Widespread adoption of cloud computing has been a game changer for many businesses. However, the high-profile data privacy case that pits Microsoft Corp. against the U.S. Department of Justice may be a prelude to stormy weather. The case, which will be argued in the U.S. Court of Appeals for the Second Circuit on Sept. 9, could determine whether the U.S. government has the power to seize the personal data of a company’s clients, even when that data resides overseas.
The case has attracted a lot of attention because Microsoft and the many companies and organizations that have supported its position fear that an adverse ruling could shake customer trust in U.S. cloud providers. Andrew Pincus, a Mayer Brown partner who filed an amicus brief for the U.S. Chamber of Commerce and other organizations, said that a government win would set a “very dangerous precedent” that could lead other countries to seize data on U.S. servers. “If the U.S. government does the same thing, how is the U.S. government supposed to oppose that?” he said.
Microsoft v. United States (aka the “Microsoft Ireland” litigation) began as a narcotics case.

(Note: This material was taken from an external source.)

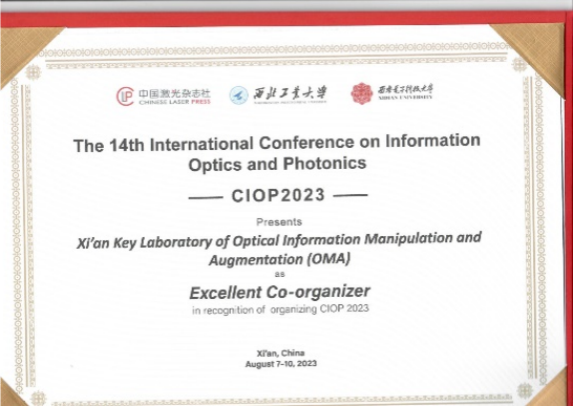 我校(西安市光信息调控与增强技术重点实验室)荣获CIOP2023会议优秀组织者奖。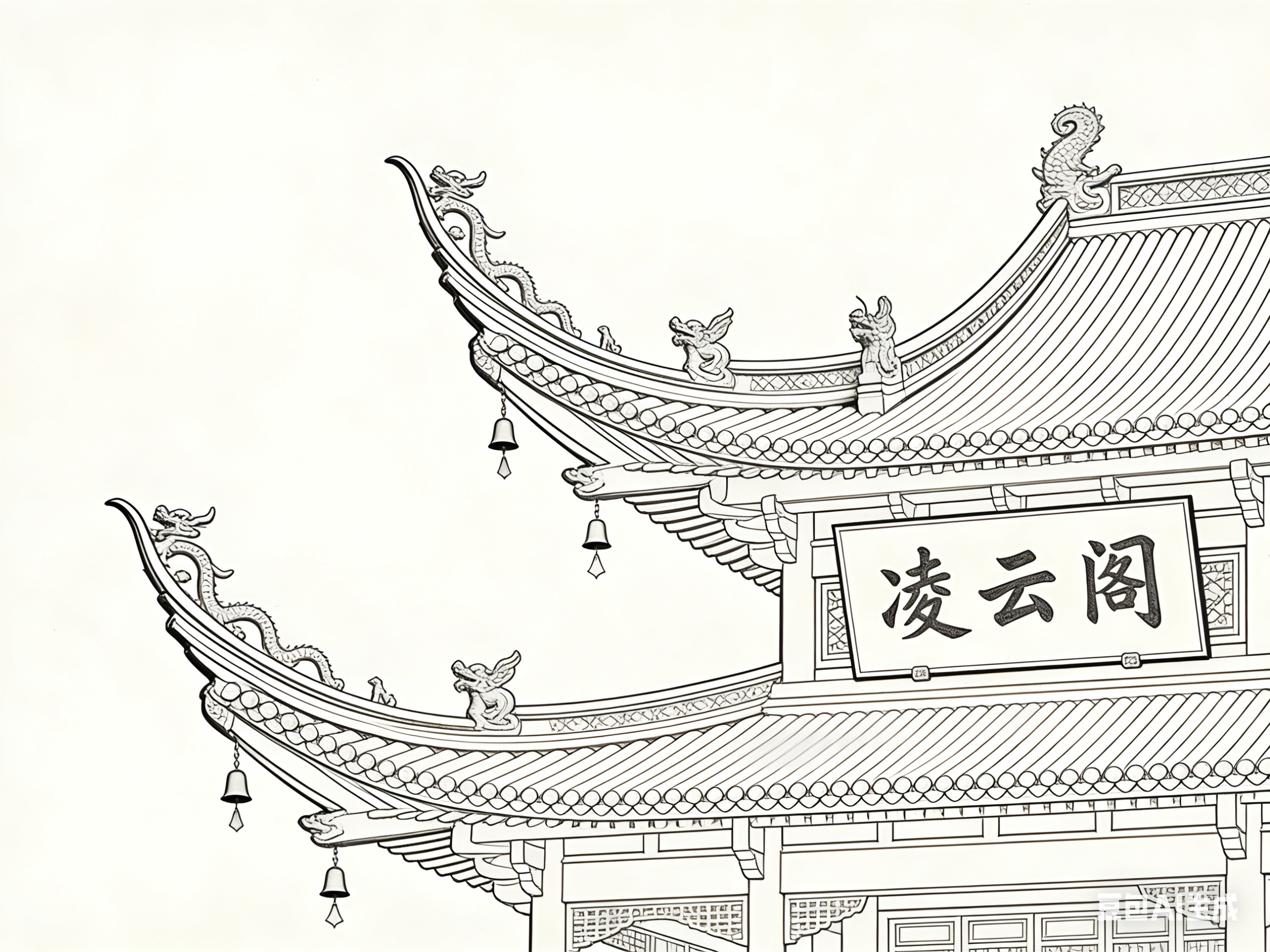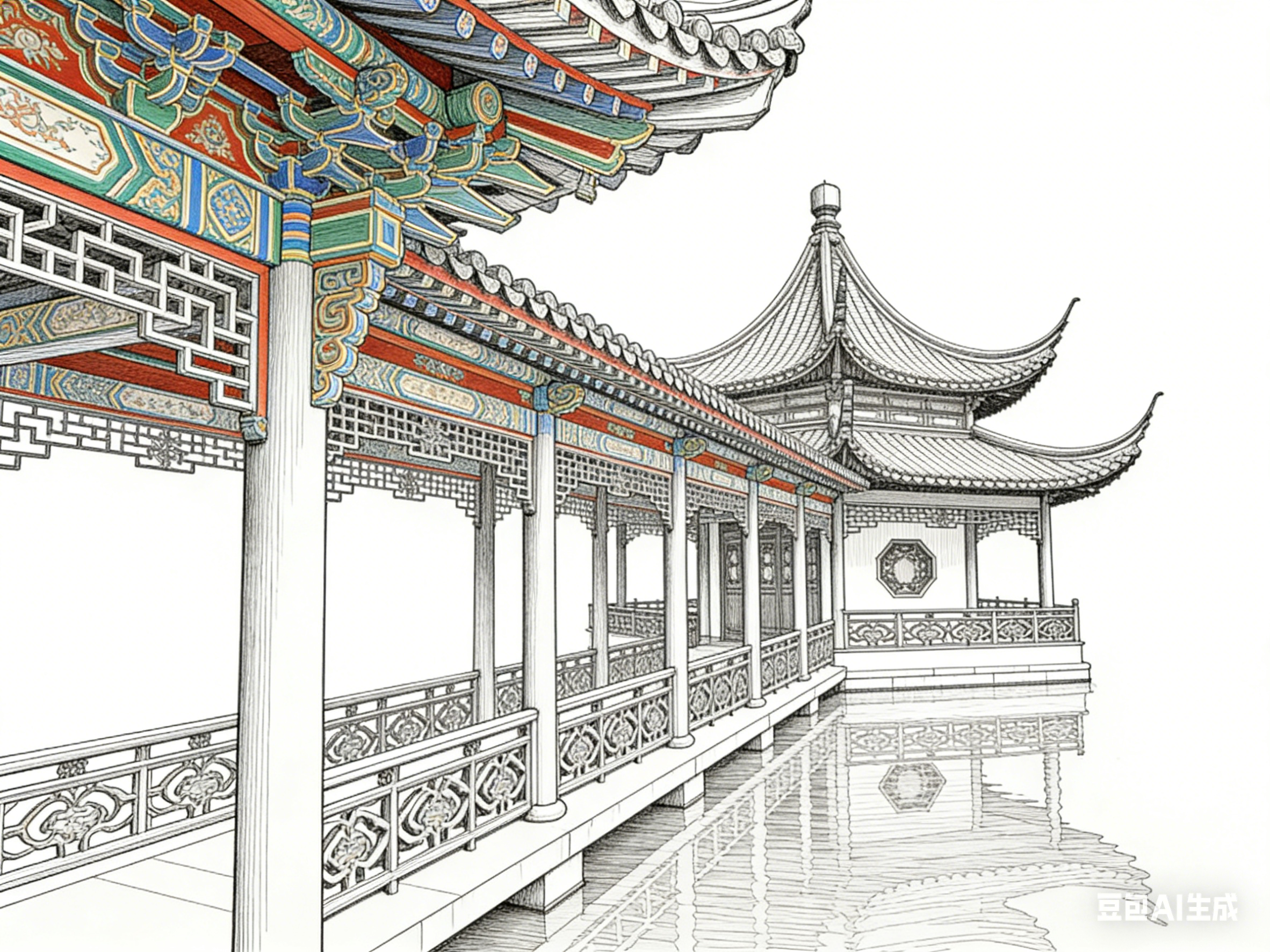 线描与白描并非孤立存在,二者相互补充、共生共荣,共同诠释古建园林的美学内涵。线描为骨,奠定画面的结构与形态,确保建筑构件的精准与空间层次的清晰;白描为韵,赋予画面精神与意境,让线条摆脱纯粹的造型功能,拥有情感与温度。二者的融合,实现了“骨劲韵足”的艺术效果,让古建园林的表现既规整严谨,又灵动飘逸。

In December 2013, the DOJ, which declined to comment for this report, issued a warrant to access email communications of an unnamed user of Microsoft’s MSN email service in order to investigate drug trafficking. The user’s email records were stored on a Microsoft server in Dublin. But instead of seeking access to the emails through the government’s mutual legal assistance treaty (MLAT) with Ireland, the DOJ ordered Microsoft to copy the records and turn them over. The company refused and lost in the ensuing litigation before a federal magistrate judge and a district judge in the U.S. District Court for the Southern District of New York.